I don’t see myself as a content-phile. My first edtech project, back in 1997, was getting students to produce their own content on the web as part of composition and history classes, and that question of how to have students create materials that are both the products of and tools for their own learning has been central to my work ever since.

“Content” is really just conversation minus context. And while I think that makes it tempting to say, well “content is killing conversation!” it’s not really like that, because all conversation lacks some context, and probably suffers from that. Without some common touchpoints, I can’t really communicate anything to you. Assuming we haven’t been communicating for eternity that means in order to understand one another we’re going to have to consume some story-up-to-now pieces. For instance, I’d love to discuss this using Jakobson’s functional model of communication, and maybe pull in some of the history of reading, but if we’re going to do that then you’re going to need to read some content. Same with me, if you want to tap into your own models.

The ability to do that — to jump into conversations that we have not been a part of by reading treatments that make ideas accessible to newcomers — is a great enhancer of conversation, and multiplies the effect a teacher and a student can have on one another.

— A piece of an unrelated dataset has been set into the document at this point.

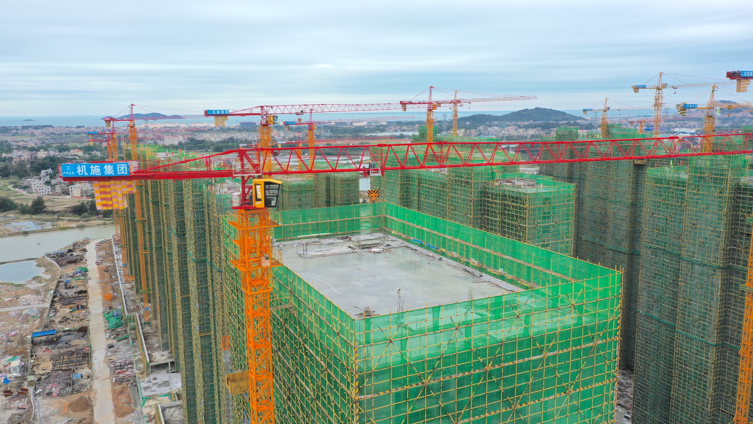 茂名市滨海新区近沿海,常年饱受台风的影响,为了能适应海湾恶劣的天气,项目部对建设装备的选择十分慎重。经过多方对比,最终选择了三种型号的塔机参与作业:12台SYT80(T6013-6A)、3台SFT100A(T6013-8) 、1台SYT125(T6515-8)。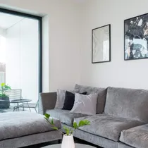 В квартире - гостиная с открытой кухней, просторный коридор с вместительным гардеробом, 2 спальни и 2 санузла. В ванной комнате есть стиральная и сушильная машины. Квартира оснащена системой "умный дом", с помощью которой можно эффективно управлять домом через смартфон. Во внутреннем дворе дома находится теннисный корт и детская площадка. Все необходимое для жизни в квартире есть.

It seems to me that your problem isn’t content at all, but the idea that we must all speak to one model, because we have one textbook, and that’s the playing field we’ve drawn. No room for the teacher to lend their voice. No room for the student to bring in their experience. If that’s what you’re saying, I’m with you on that, more or less. That’s a piece of what I’m trying to impact by looking at Choral Explanations, for example, which is a simple hack to textbookism that could have a lot of benefit. (I’ve also taught content-less courses with very mixed results, which is part of the reason I’m interested in simple hacks for teachers now).